* _What you will do_: From the first line of the data through the line containing "陸軍第73集團(tuán)軍", transcribe each line exactly. Pictures do not belong in the copy.

↓↓↓

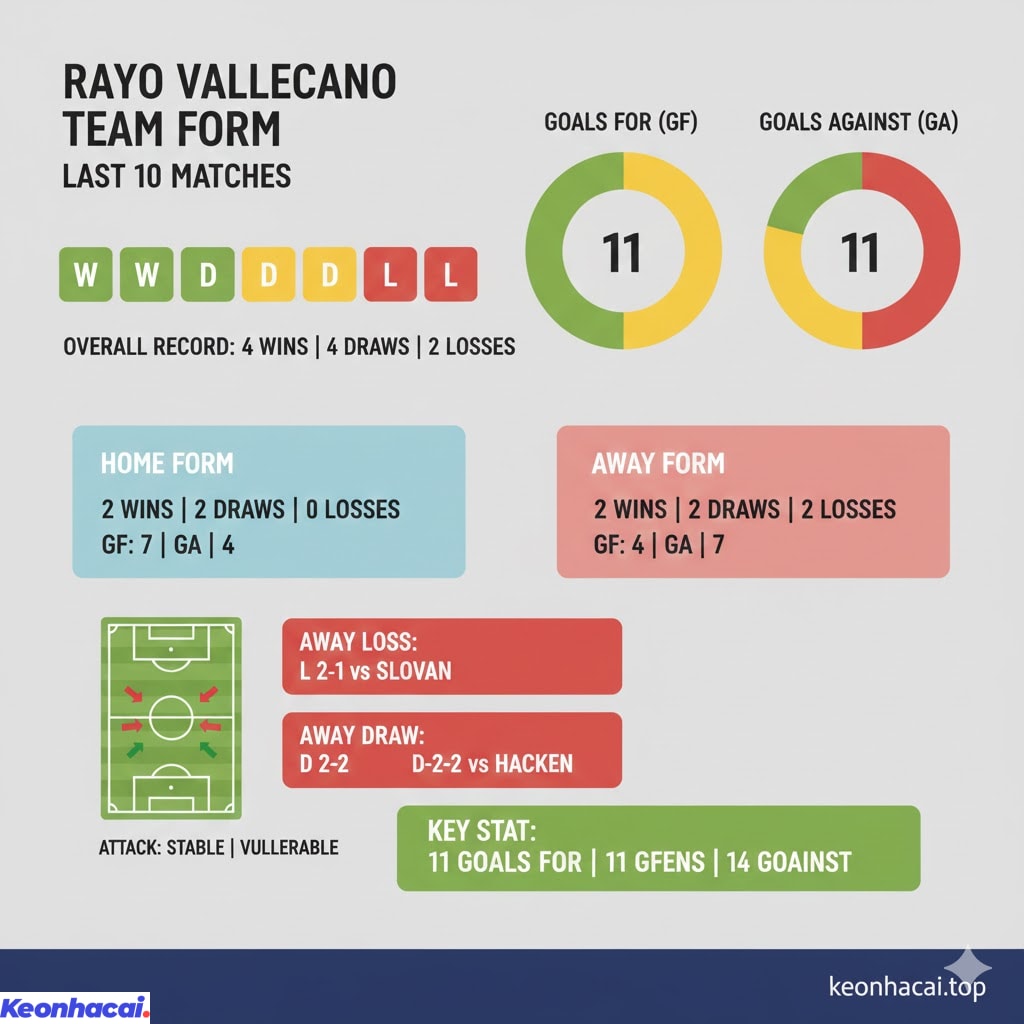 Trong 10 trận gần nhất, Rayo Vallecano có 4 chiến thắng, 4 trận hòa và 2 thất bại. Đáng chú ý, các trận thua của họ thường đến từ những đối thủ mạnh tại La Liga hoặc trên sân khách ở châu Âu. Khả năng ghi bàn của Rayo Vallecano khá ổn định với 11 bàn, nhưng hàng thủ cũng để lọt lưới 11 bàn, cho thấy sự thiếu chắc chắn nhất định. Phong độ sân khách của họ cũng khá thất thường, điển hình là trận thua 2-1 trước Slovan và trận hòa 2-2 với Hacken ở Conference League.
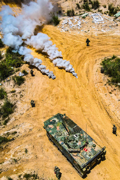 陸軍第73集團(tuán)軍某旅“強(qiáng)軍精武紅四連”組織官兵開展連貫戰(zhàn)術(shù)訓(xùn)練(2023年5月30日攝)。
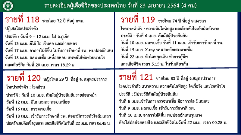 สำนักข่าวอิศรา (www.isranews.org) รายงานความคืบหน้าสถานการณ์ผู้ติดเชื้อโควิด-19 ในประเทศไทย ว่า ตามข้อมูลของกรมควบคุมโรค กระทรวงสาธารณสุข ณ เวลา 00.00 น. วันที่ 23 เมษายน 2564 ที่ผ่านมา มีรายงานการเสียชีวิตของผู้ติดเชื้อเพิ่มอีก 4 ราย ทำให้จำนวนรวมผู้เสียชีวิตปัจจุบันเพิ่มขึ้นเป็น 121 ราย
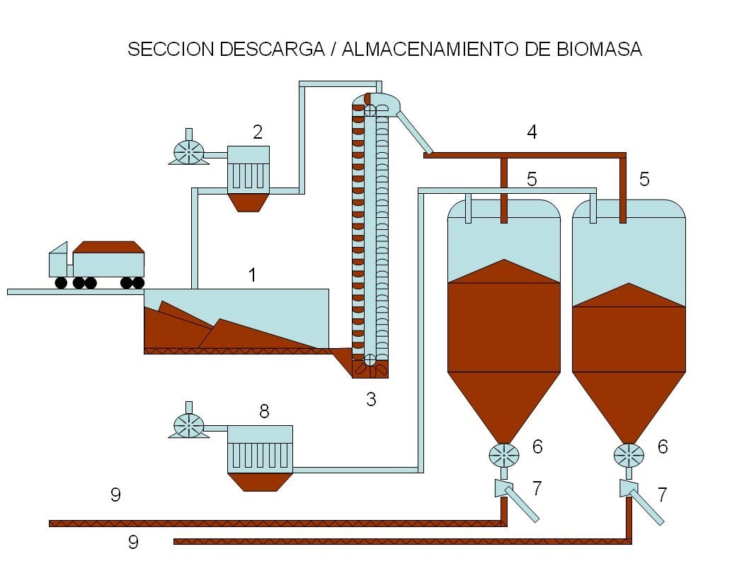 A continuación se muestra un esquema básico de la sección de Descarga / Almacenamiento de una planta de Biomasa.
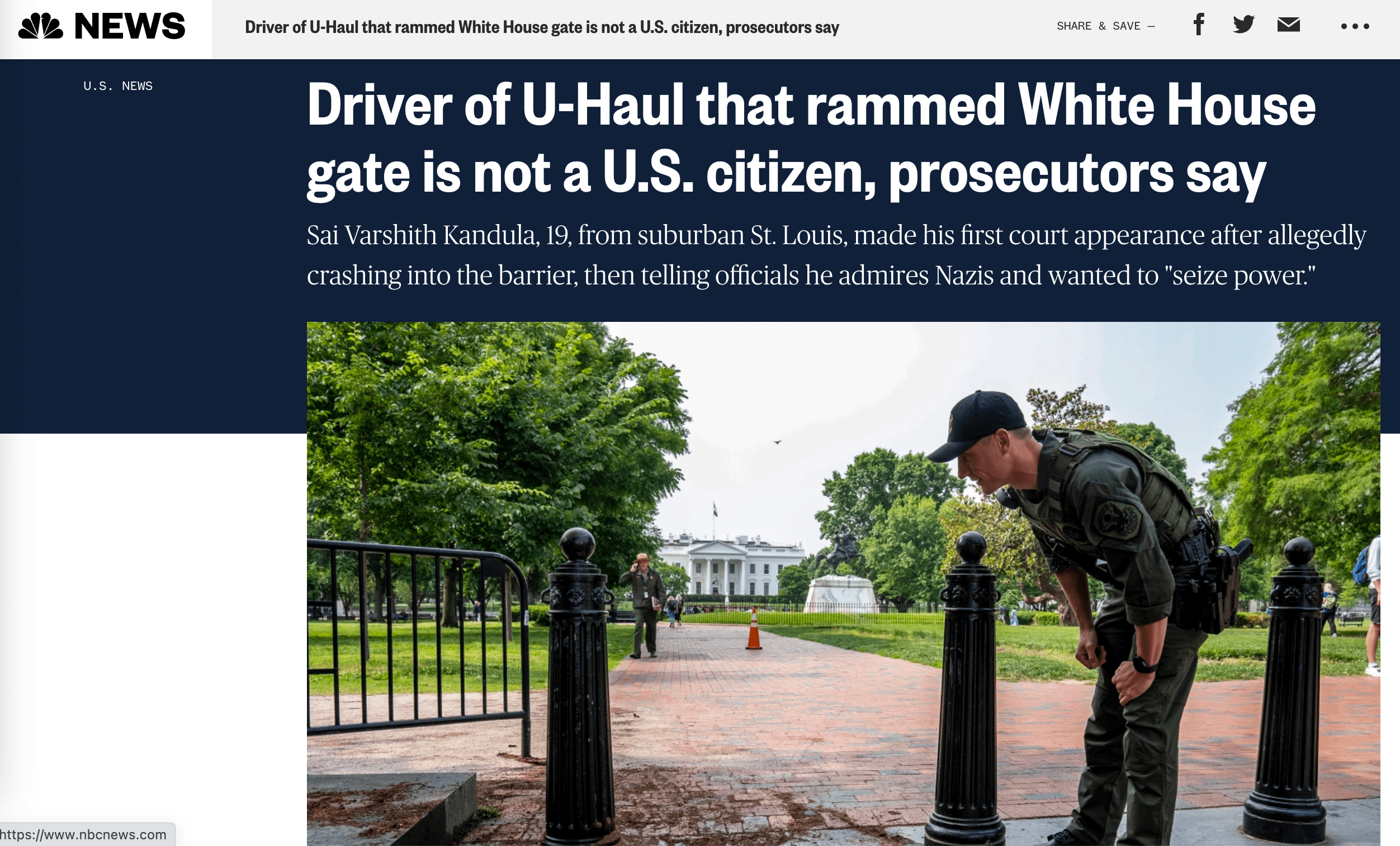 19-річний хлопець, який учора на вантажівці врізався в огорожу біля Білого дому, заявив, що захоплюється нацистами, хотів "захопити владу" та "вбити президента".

↑↑↑

* _Your solution_:
 Trong 10 trận gần nhất, Rayo Vallecano có 4 chiến thắng, 4 trận hòa và 2 thất bại. Đáng chú ý, các trận thua của họ thường đến từ những đối thủ mạnh tại La Liga hoặc trên sân khách ở châu Âu. Khả năng ghi bàn của Rayo Vallecano khá ổn định với 11 bàn, nhưng hàng thủ cũng để lọt lưới 11 bàn, cho thấy sự thiếu chắc chắn nhất định. Phong độ sân khách của họ cũng khá thất thường, điển hình là trận thua 2-1 trước Slovan và trận hòa 2-2 với Hacken ở Conference League.
 陸軍第73集團(tuán)軍某旅“強(qiáng)軍精武紅四連”組織官兵開展連貫戰(zhàn)術(shù)訓(xùn)練(2023年5月30日攝)。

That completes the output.